What to work on: Exactly reproduce the lines of the listing below from the one containing "ウエスタンカウボーイブーツレ" through the one containing "Emma cotton rich". Skip the images.

Material provided:
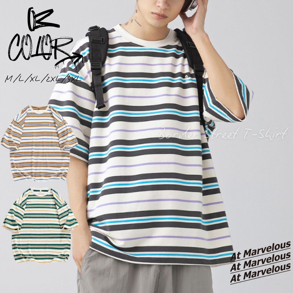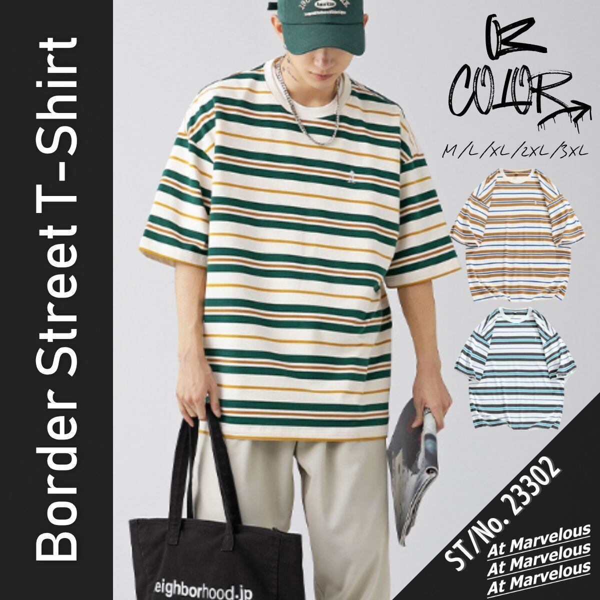 トレンド感あふれるカジュアルスタイル!2025夏新作 メンズボーダー ビッグシルエットTシャツ!
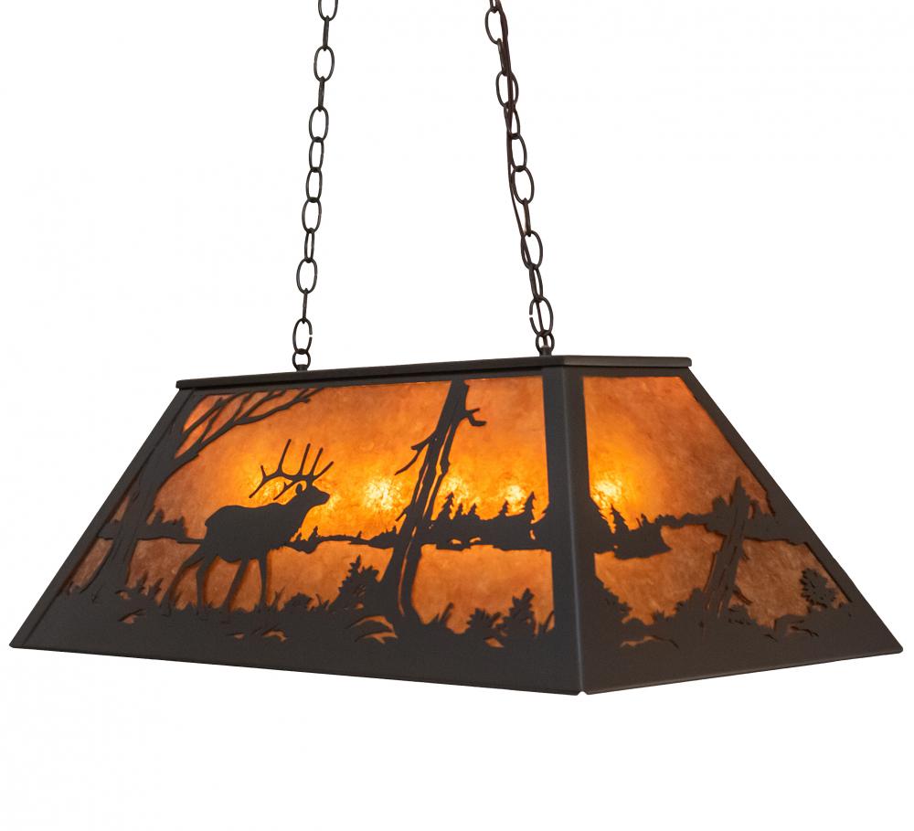 Rustic charm is captured beautifully with this majestic Elk walking by the lake in the forest while the sun rises in the background of this natural wildlife inspired pendant. Soft ambient light projects through stunning Amber Mica panels complemented with a Timeless Bronze finish. Ideal for placement over kitchen islands; counters; dining and billiard tables. Overall height ranges from 18 to 43 inches as the chain length can be easily adjusted in the field. Handcrafted in our 180;000 square foot manufacturing facility in Yorkville; New York. Shade colors; metal finishes and fixture sizes can be customized to your needs. UL and cUL listed for dry and damp locations.
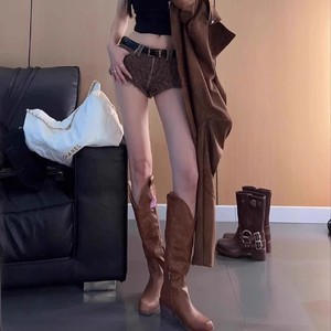 ウエスタンカウボーイブーツレディースハイライダーブーツポインテッドトゥ2025新ブラウンレトロ刺繍太ヒールブーツロングブーツ
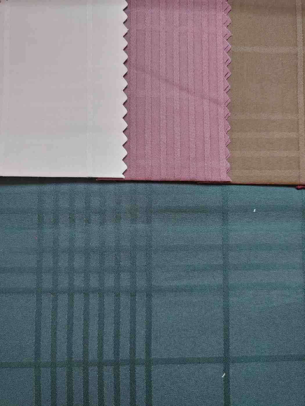 The swatches include elegant tones such as white, sky blue, beige, wine, teal, and dark olive, offering a refined palette suitable for classy shirts and evening wear.
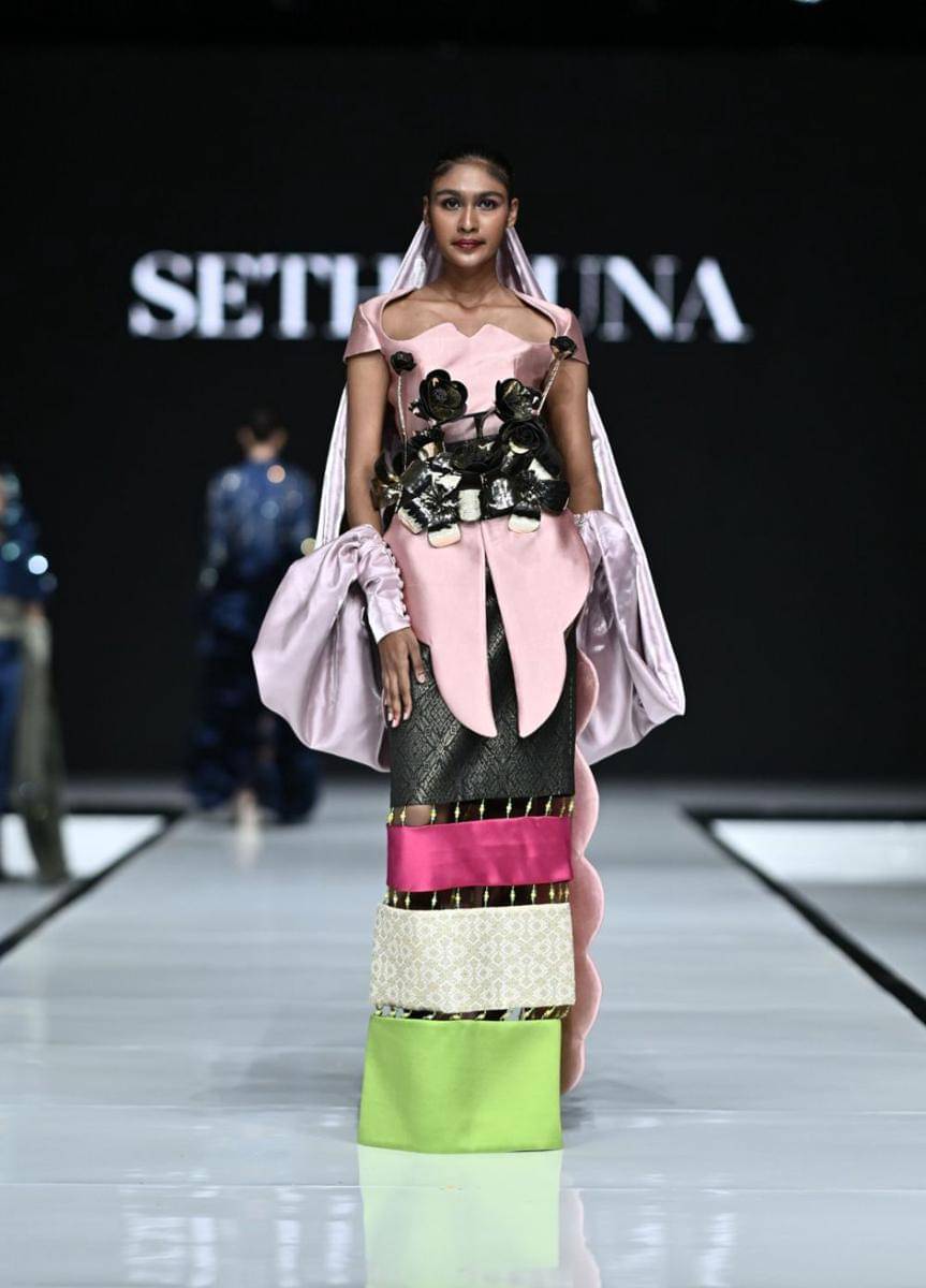 13. Beralih pada koleksi Avant-Garde, SETH&LUNA menyuguhkan busana haute couture Lebaran berupa rok songket unik dan slit top warna pink
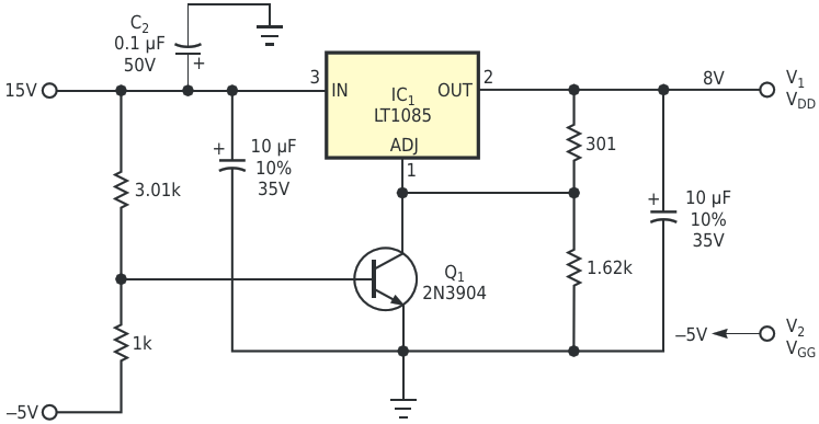 Figure 1. Circuit improves on bias for GaAs FETs
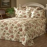 Emma cotton rich printed woven matelasse bedreads add a traditional look to any bedroom. It is woven in the classical matelasse tradition with a tonal leaf design and then overprinted with a beautiful multi colored floral pattern. The bedspread is 55-percent cotton and 45-percent polyester for easy care. Machine wash color water. Wash separately. Use mild soap and non chlorine beach if needed. Tumble dry low. Use warm iron is needed. The bedspread comes in all four standard bed sizes: twin, full, queen and king and has matching shams available speparately. Emma coves the entire bed down to the floor so no bed skirt is needed. The twn measures 81x96 inches, the full 96x110 inches, the queen 102x110 inches and the king 120x110 inches. Emma comes in three rich colors that include crimson, natural and sky. It is crafted with pride in China Read more
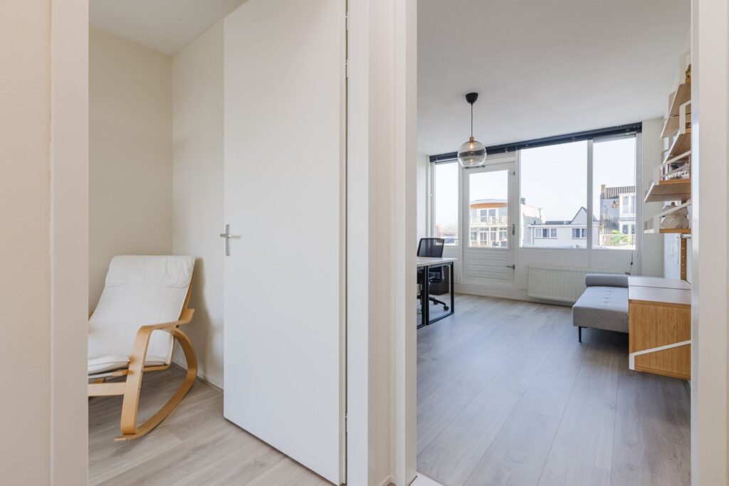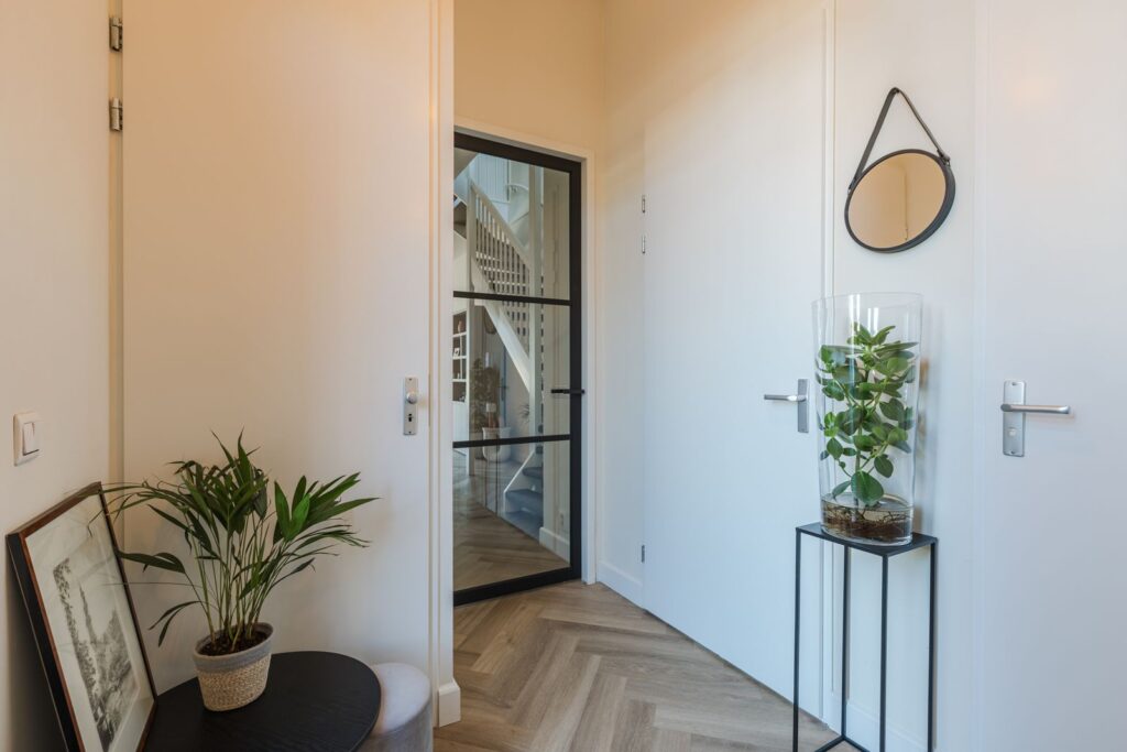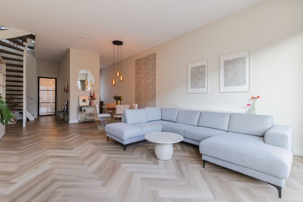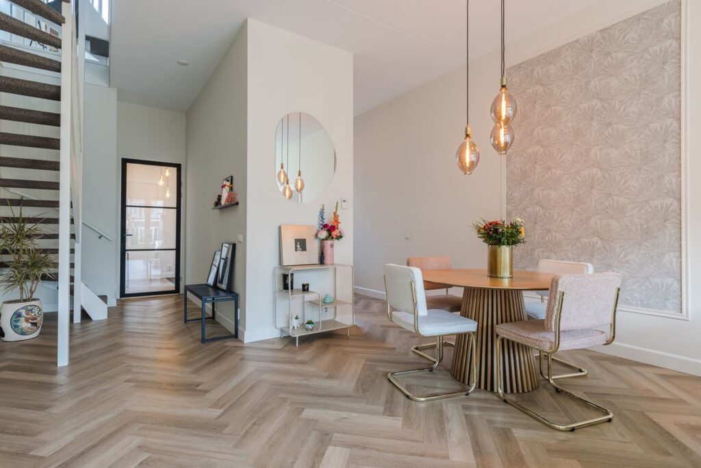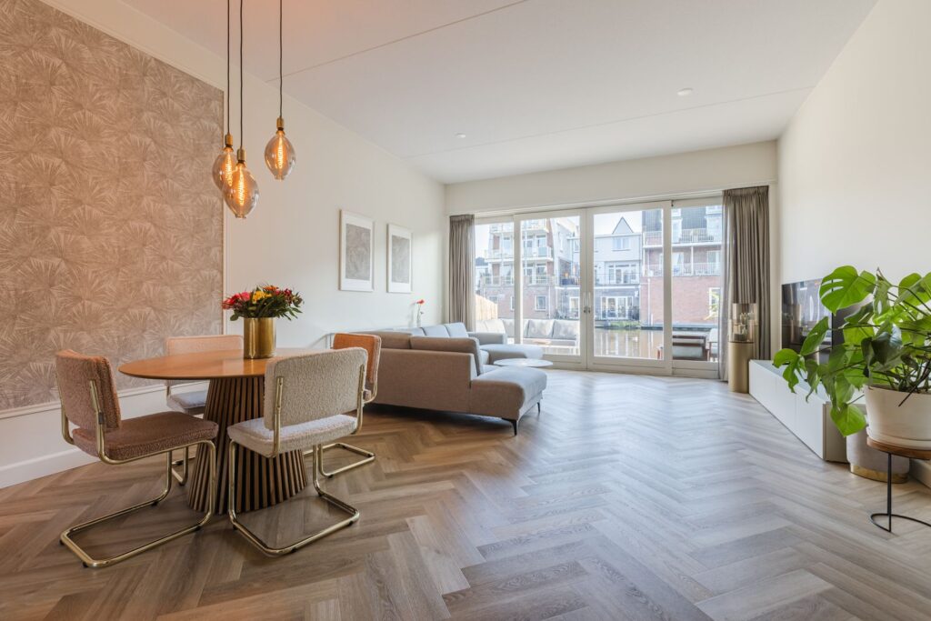 De woonkamer kenmerkt zich door veel licht en ruimte: de hoge plafonds in combinatie met de grote raampartijen zorgen voor een ruimtelijk gevoel en een prachtige lichtinval. De visgraatvloer, hoge plinten en strakke wanden geven de woonkamer een stijlvolle en moderne uitstraling. Daarbij zorgt het vrije uitzicht over de Oude Rijn voor een unieke woonbeleving die nooit verveelt.
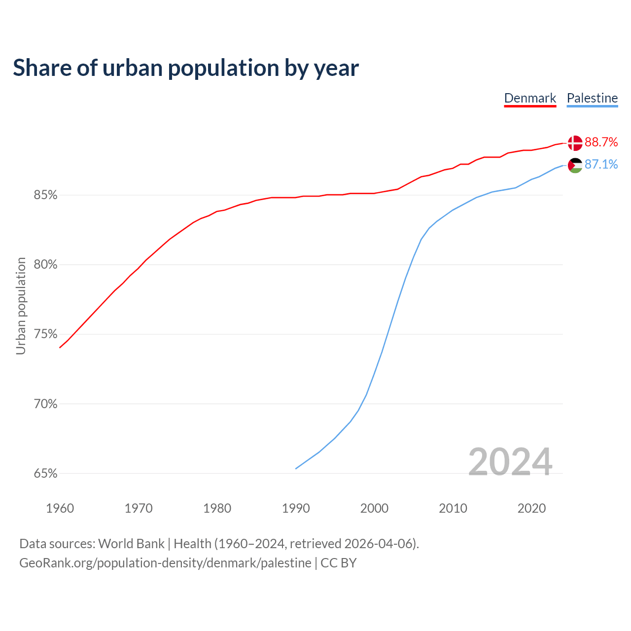 From 2004 to 2024, the share of urban population changed from 85.7% to 88.7% in Denmark and from 79% to 87.1% in Palestine.

Completed task:
 ウエスタンカウボーイブーツレディースハイライダーブーツポインテッドトゥ2025新ブラウンレトロ刺繍太ヒールブーツロングブーツ
 The swatches include elegant tones such as white, sky blue, beige, wine, teal, and dark olive, offering a refined palette suitable for classy shirts and evening wear.
 13. Beralih pada koleksi Avant-Garde, SETH&LUNA menyuguhkan busana haute couture Lebaran berupa rok songket unik dan slit top warna pink
 Figure 1. Circuit improves on bias for GaAs FETs
 Emma cotton rich printed woven matelasse bedreads add a traditional look to any bedroom. It is woven in the classical matelasse tradition with a tonal leaf design and then overprinted with a beautiful multi colored floral pattern. The bedspread is 55-percent cotton and 45-percent polyester for easy care. Machine wash color water. Wash separately. Use mild soap and non chlorine beach if needed. Tumble dry low. Use warm iron is needed. The bedspread comes in all four standard bed sizes: twin, full, queen and king and has matching shams available speparately. Emma coves the entire bed down to the floor so no bed skirt is needed. The twn measures 81x96 inches, the full 96x110 inches, the queen 102x110 inches and the king 120x110 inches. Emma comes in three rich colors that include crimson, natural and sky. It is crafted with pride in China Read more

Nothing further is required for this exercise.